The system 1200 may also include well-known support circuits 1210, such as input/output (I/O) circuits 1211, power supplies (P/S) 1212, a clock (CLK) 1213, and cache 1214, which may communicate with other components of the system, e.g., via the bus 1220. The system 1200 may also include a mass storage device 1215 such as a disk drive, CD-ROM drive, tape drive, flash memory, or the like, and the mass storage device 1215 may store programs and/or data. The system 1200 may also include a user interface 1218 and a display 1216 to facilitate interaction between the system 1200 and a user. The user interface 1218 may include a keyboard, mouse, light pen, touch interface, or other device. The system 1200 may also execute one or more general computer applications (not pictured), such as a video game, which may incorporate aspects of surround sound as computed by the convolution programs 1204.

The system 1200 may include a network interface 1208, configured to enable the use of Wi-Fi, an Ethernet port, or other communication methods. The network interface 1208 may incorporate suitable hardware, software, firmware or some combination thereof to facilitate communication via a telecommunications network. The network interface 1208 may be configured to implement wired or wireless communication over local area networks and wide area networks such as the Internet.

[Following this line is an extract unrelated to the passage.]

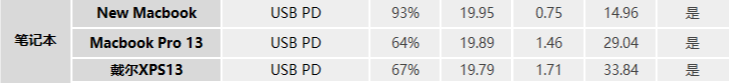 給支持USB PD的New MacBook、MacBook Pro以及Dell XPS13,均能以15V進行快充,充戴爾XPS13時功率最大達到33.8W。

The system 1200 may send and receive data and/or requests for files via one or more data packets over a network.

It will readily be appreciated that many variations on the components depicted in FIG. 12 are possible, and that various ones of these components may be implemented in hardware, software, firmware, or some combination thereof. For example, some features or all features of the convolution programs contained in the memory 1202 and executed by the processor 1201 may be implemented via suitably configured hardware, such as one or more application specific integrated circuits (ASIC) or a field programmable gate array (FPGA) configured to perform some or all aspects of example processing techniques described herein.

Conclusion

While the above is a complete description of the preferred embodiment of the present invention, it is possible to use various alternatives, modifications and equivalents. Therefore, the scope of the present invention should be determined not with reference to the above description but should, instead, be determined with reference to the appended claims, along with their full scope of equivalents. Any feature described herein, whether preferred or not, may be combined with any other feature described herein, whether preferred or not. In the claims that follow, the indefinite article“a”, or“an” refers to a quantity of one or more of the item following the article, except where expressly stated otherwise. The appended claims are not to be interpreted as including means-plus-function limitations, unless such a limitation is explicitly recited in a given claim using the phrase“means for.”